This SoCal-style fall refresher by Steven Tuttle, the
bar manager at San Diego’s Kettner Exchange, includes
butterfly-pea-flower-infused blanco tequila, which means the drink turns a rich
shade of blue to purple. It hints at autumn with the allspice-rum notes of
Hamilton pimento dram, brightened by lime and Fuji apple syrup—all without
losing the vibrancy of the tequila.
This recipe originally appeared as part of “11 Hottest Cocktails to Drink in Bars Now: November 2017.”
INGREDIENTS IN THE APPLE FELL FAR FROM THE TREE COCKTAIL
1 1⁄2 oz Butterfly-pea-flower-infused blanco tequila*
1⁄2 oz
Plantation Stiggins’ Fancy Pineapple rum
1⁄4 oz
Hamilton pimento dram
3⁄4 oz
Fresh lime juice
3⁄4 oz
Fuji apple syrup**
Garnish: 3 apple slices
Glass: Rocks
HOW TO MAKE THE APPLE FELL FAR FROM THE TREE COCKTAIL
Add all the ingredients to a shaker with ice and
shake.
Strain into a rocks glass filled with fresh ice.
*Butterfly-pea-flower-infused blanco tequila: Steep
1/2 cup dried butterfly pea flowers in
1 750 mL bottle of tequila for 20 minutes.

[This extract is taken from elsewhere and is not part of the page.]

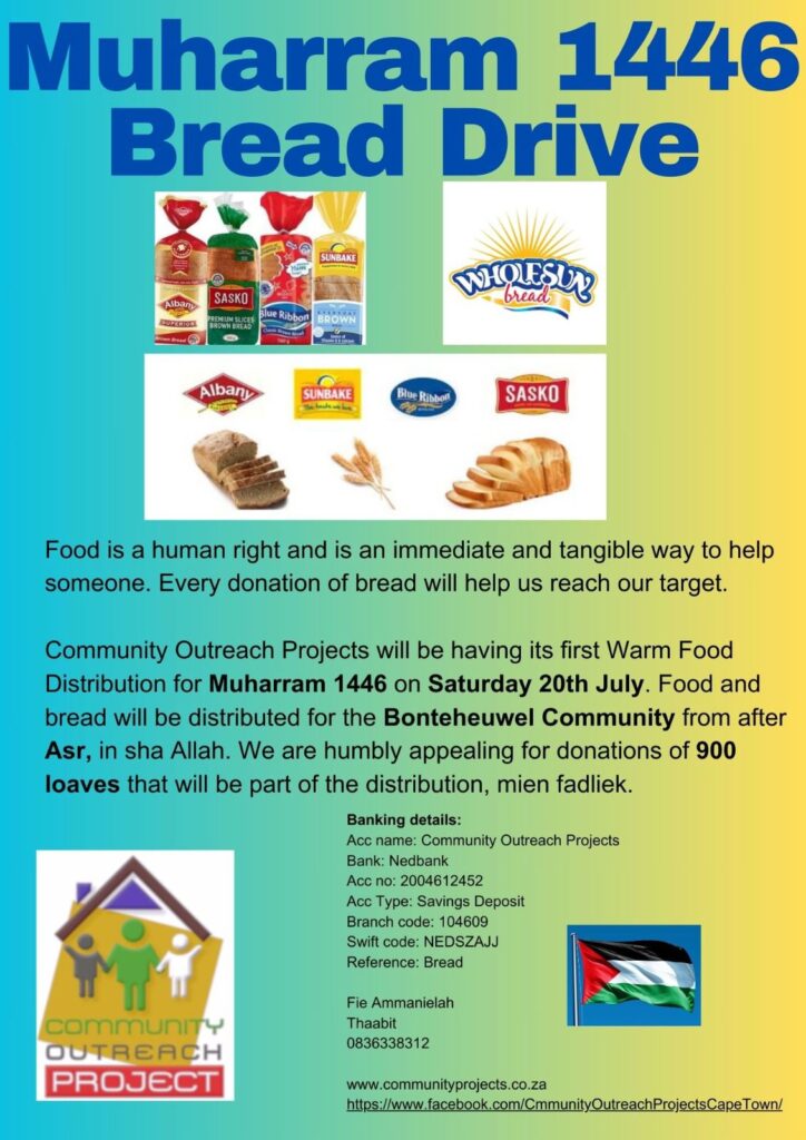 On Saturday 20 July, Community Outreach Projects will do its first warm food distribution for the Hijri year 1446 for the Community of Bonteheuwel. We are once again appealing to the community to assist us in reaching our target of 900 loaves of bread to be distributed during the warm food project.

**Fuji apple syrup: Peel 12 Fuji apples with a citrus
peeler, using 4 cuts to save the apple cores. In a saucepan, add peels and
cores to 6 cups of sugar and 9 cups water. Bring to a boil and let simmer for
35 minutes. Strain out peels and cores, and keep refrigerated for up to 1 week.